Credit cards can be a useful tool for managing finances, but it's essential to use them wisely. You may need or want to use credit for large purchases, such as a car or a home, or for everyday expenses like groceries and gas.

Interest is charged on credit card balances, and it can add up quickly. To avoid or minimize interest, make more than the minimum payment each month.

Payday lending is a type of loan that can trap you in a cycle of debt. In your state, there may be laws regulating payday lending, so it's crucial to understand them.

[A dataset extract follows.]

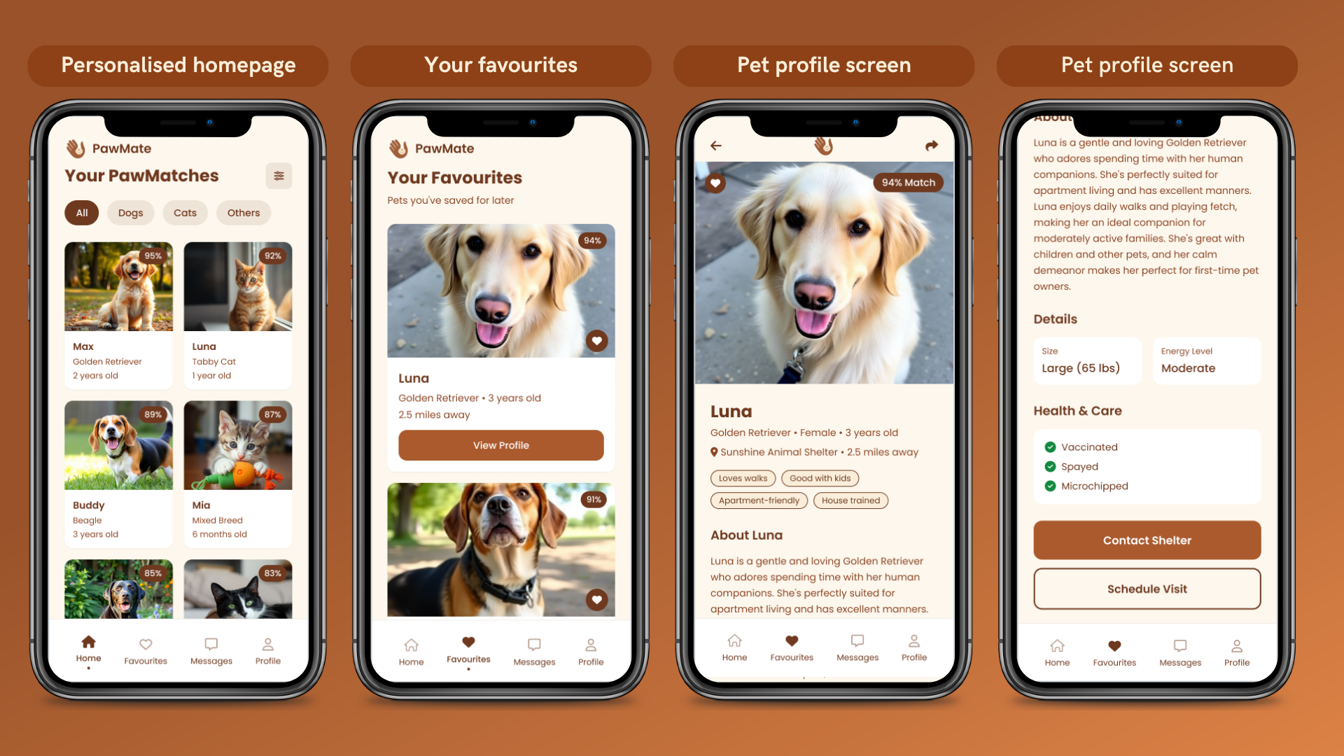 - Design:Grid or list of saved pets with “match %,” status (Available / Reserved).

To avoid identity theft, take precautions like monitoring your credit report and being cautious with personal information online.

Recommended read: Lending Club Fees

Felicia Koss

Junior Writer

Felicia Koss is a rising star in the world of finance writing, with a keen eye for detail and a knack for breaking down complex topics into accessible, engaging pieces. Her articles have covered a range of topics, from retirement account loans to other financial matters that affect everyday people. With a focus on clarity and concision, Felicia's writing has helped readers make informed decisions about their financial futures.